# You can now get a $10 b/w softcover digest-sized version of N.E.W.!



## Morrus (Dec 8, 2017)

Perfect for gifts or table copies. Find it on Amazon!

https://www.amazon.com/dp/1979987459/


----------



## dickie (Dec 8, 2017)

Hey Russ

Is the digest version just a smaller version of the B&W one that's already on Amazon?
I'm really interested to know whats the thinking behind this (apart from the obvious)

The price is great (it's half the price of the PDF) but isnt there a danger of too many options?

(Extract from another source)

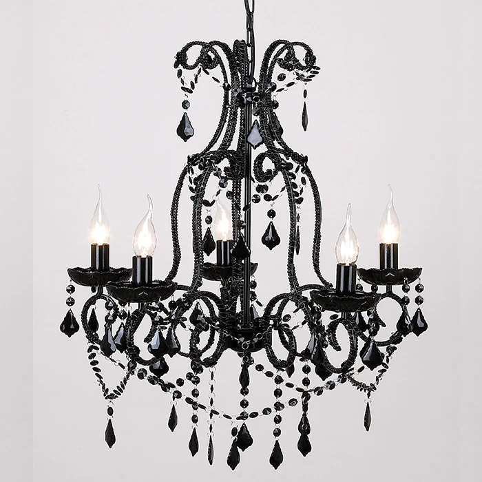 Maria Teresha 5 Arm Black Restaurant Living Room Hanging Chandelier & Pendant Lights Crystal

Full colour Hardcover - $49.99
Full colour Softcover - $34.99
B/W version - $14.99
A smaller B/W version (?)- $9.99
PDF version $20

Or have I missed the point?


----------



## Morrus (Dec 8, 2017)

Yup, it’s a smaller version of the b/w softcover. The PDF will be going back to $10 for Xmas, too.


----------



## Inchoroi (Dec 9, 2017)

Will OLD be going up like this, too, eventually?


----------



## Morrus (Dec 9, 2017)

Yup. In fact I’m just waiting on the proofs.


----------



## Vampifan (Dec 9, 2017)

I was pleased to see that N.E.W. is now available on Amazon. However, I did notice that no one had reviewed it yet so I gave it a 5 star review on Amazon UK.


----------



## Inchoroi (Dec 9, 2017)

Morrus said:


> Yup. In fact I’m just waiting on the proofs.




Glorious! There goes $20 more...


----------



## Morrus (Dec 11, 2017)

So we’re getting reports of printing errors, so we’ve put this on hold while we look into it.


----------